Speaking of hype, let's rein in those dotcoms. Not everybody even
has home computers, let alone uses them to shop, let alone uses them
exclusively, let alone uses services to tell them which other
services to use, a favorite dotcom ploy. But you'd never know it from the
ads, which have almost replaced SUV pitches in their ubiquity. Not quite,
but almost. And the accompanying "trend" stories are equally overwrought.
On-line shopping has its place--but it's not going to replace face-to-face
interactions with live human beings.
What would the hyped Net be without Microsoft and its anti-trust trial?

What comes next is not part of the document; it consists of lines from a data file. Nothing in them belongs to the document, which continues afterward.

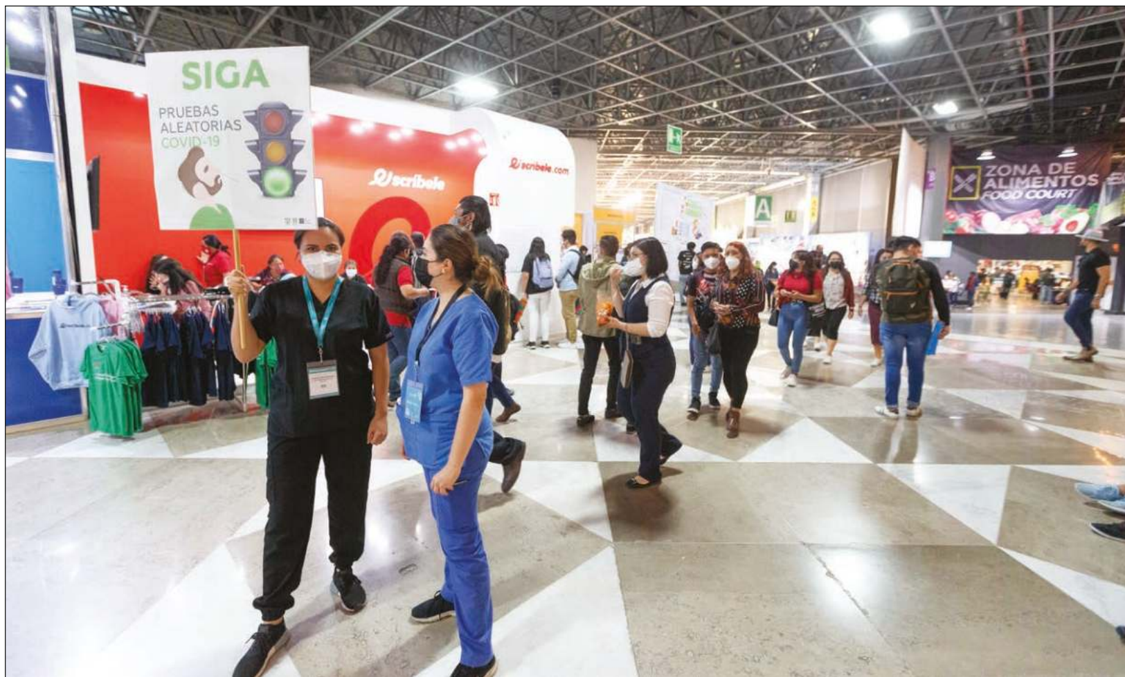
▲ Aplicación aleatoria de pruebas de Covid 19 dentro de la 35 Feria Internacional del Libro en Guadalajara.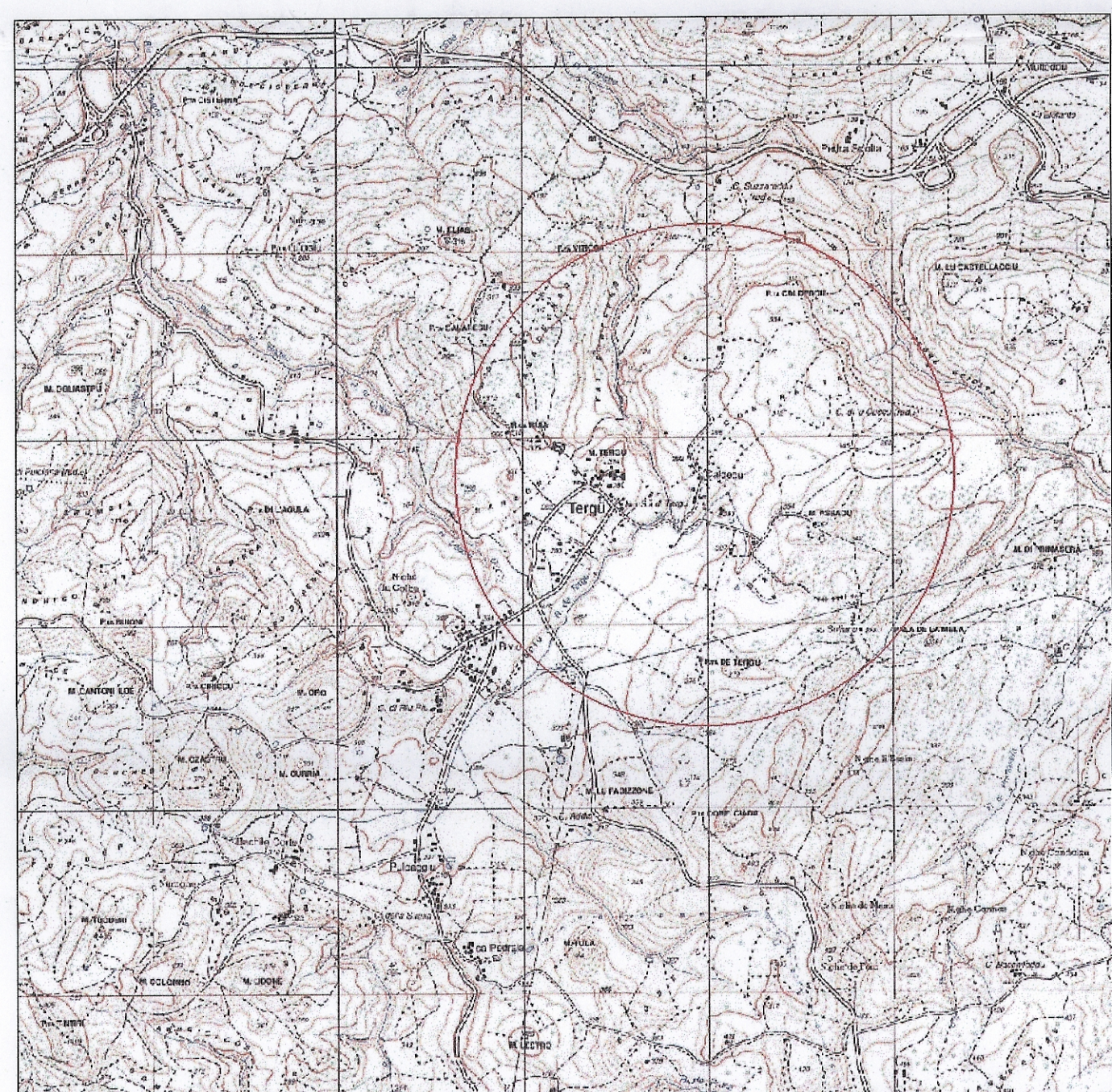
Starico IGM 25:000 - Foglio 442090 - Tergu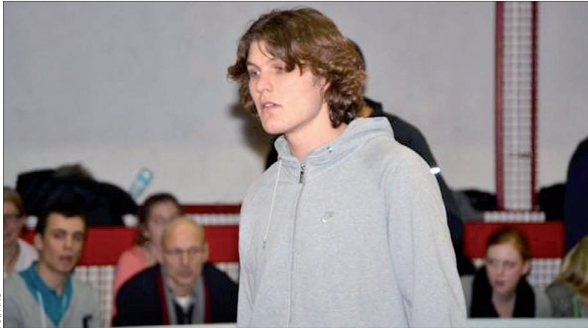
Iwan Uchow wraca do Wędrynie w roli złotego medalisty igrzysk w Londynie.

Pierwszoplanową postacią obu mityngów będzie Rosjanin Iwan Uchow, który po raz pierwszy przyjeżdża w roli złotego medalisty igrzysk olimpijskich. Uchow podczas letnich igrzysk olimpijskich w Londynie pokazał klasę, wygrywając wynikiem 238 cm. Taki sam rezultat osiągnął Uchow podczas skoków w Hustopeczach. W hali warunki do skakania są jednak trochę inne i niewykluczone, że w tym roku Rosjanin pobije swój rekord. Do Uchowa należy też rekord „Beskidzkiej Poprzeczki” wynoszący 234 cm. – W Trzynie czuję się zawsze świetnie. Tamtejsza publiczność potrafi dopingować. Widać i słychać, że kibice znają się w Czechach na lekkiej atletyce – stwierdził Uchow. Jego styl należy skądinąd do najbardziej oryginalnych w peletonie skoczków wzwyż. W fazie lotu, bezpośrednio nad poprzeczką, jak gdyby zatrzymuje się w miejscu. Przypomina to trochę sceny z filmu Matrix. Rosjanin uwielbia muzykę rockową, ostre nuty zabrzmiały też podczas jego skoków w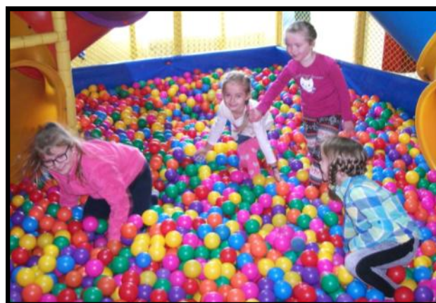
Dziewczynki w basenie kulkowym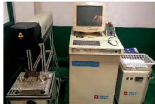
نشانه گذاری لیزری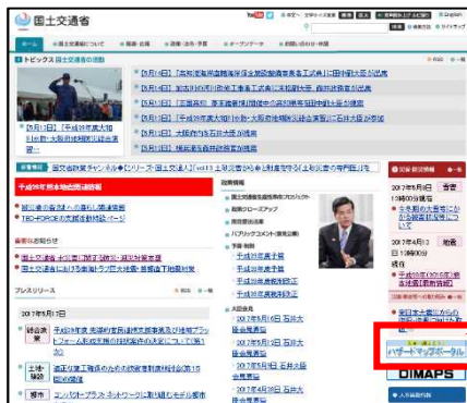
国土交通省トップページから アクセスできるようにしました。

※ハザードマップポータルサイト…災害時の避難や、事前の防災対策など様々な防災に役立つ情報を提供 パンフレットはこちら http://disaportal.gsi.go.jp/hazardmap/pamphlet/pamphlet.pdf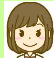
【9年間むし歯ゼロで賞】 中3 女子1人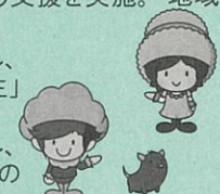
◎あしたのみどりキャンペーン

また、市民の皆さまとみどりを育む活動を広げていくことを目指し、あしたのみどり「植樹・花壇づくり支援」・わたしの好きな「みどりのある風景」の募集を実施します。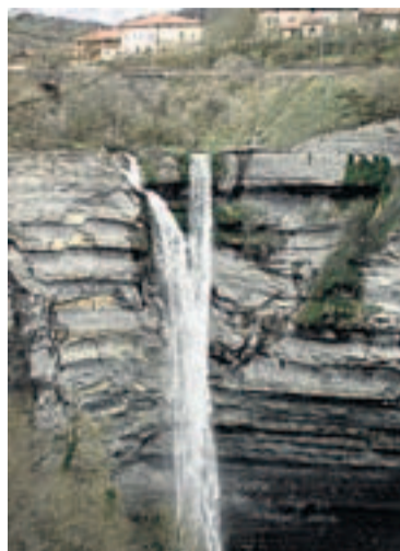
Cascada de Goiuri-Gujuli.

En Álava hay espacio para el Toloño, el Tologorri y la Virgen de Oro; en Gipuzkoa destacan Aizkorri, Txindoki y Aralar; y en Navarra, La Mesa de los Tres Reyes, las Bardenas, la Foz de Lumbier e Irati, entre otros muchas posibilidades.

About the same, actually. Microsoft and its products long ago achieved
market dominance on web browsers, and no trial ruling will undo it. Nor
will any "breakup" of Microsoft appreciably change the way it does
business. This is a non-story.
No year's list would be complete without: overhyped weather events, sports
scores, celebrities, fashion, horoscopes, or tragedy-stricken children and
their pets. Infotainment is not news. There's nothing wrong with being
entertained, but it's no replacement for the information that's necessary
for citizens to make intelligent choices in a democracy.
The Underrated
As hard as it might be to imagine, the most underrated stories in these
parts got plenty of play--but not nearly enough attention to the long-term
implications. Those would be I-695, which even without two more Tim Eyman
initiatives on the horizon in 2000 would clearly be shaking up local
government for years to come; and the WTO, which will force Seattle to find
a new police chief, and virtually guarantees a one-term mayor. The WTO's
internal sea change at its Seattle meetings, wherein Third World
delegations stood up to the bullying of the U.S. and European Union, was
quite possibly the most significant international political development to
ever take place on Seattle soil; amidst all the tear gas, that story was
lost.
Nationally, also missing in action--despite the great attention paid to the
bombing of Yugoslavia--were the similar atrocities, this time perpetrated
by "our side," in Russia's war on Chechnya and the Colombian government's
Drug War-fueled attacks on FARC rebels. The U.S. is virtually at war in
Colombia. You'd never know it.
The local spin on a national story: the increasing difficulty of getting
health insurance, particularly insurance that will actually pay for
anything if you get sick. As a subset of this story, an aspect that
received even less attention was the reluctance of state legislators to do
anything about it. In the year 2000, look for the crisis to get much worse
while Olympia plays its fiddle.
Also lost in the daily news grind was the inexorable expansion of our
nation's, and state's, prison system. The U.S., which imprisons more people
per capita than any other nation on earth, will top 2 million people in
prison next year. It's a statistic that's all the more terrifying for its
ordinariness.
The story you'll never see or hear in our capitalist news regime is the
increasing commercialization of everything. Compared to 20 years ago, it's
almost impossible now to evade commercial messages attached to virtually
everything. But nobody mentions it, for fear of offending their sponsors.
Hmmm.
Finally, our planet is continuing to die. But stories like ozone holes,
global warming, mass species extinctions, toxic waste, disappearing
rainforests, cancer epidemics, declining sperm counts, genetic engineering,
contaminated food supplies, polluted oceans, and the Al Gore For President
Campaign aren't being covered as the imminent disasters they are.
Meanwhile, next year's forgotten story: the massive numbers who have given
up on presidential races and our nationally corrupt political system.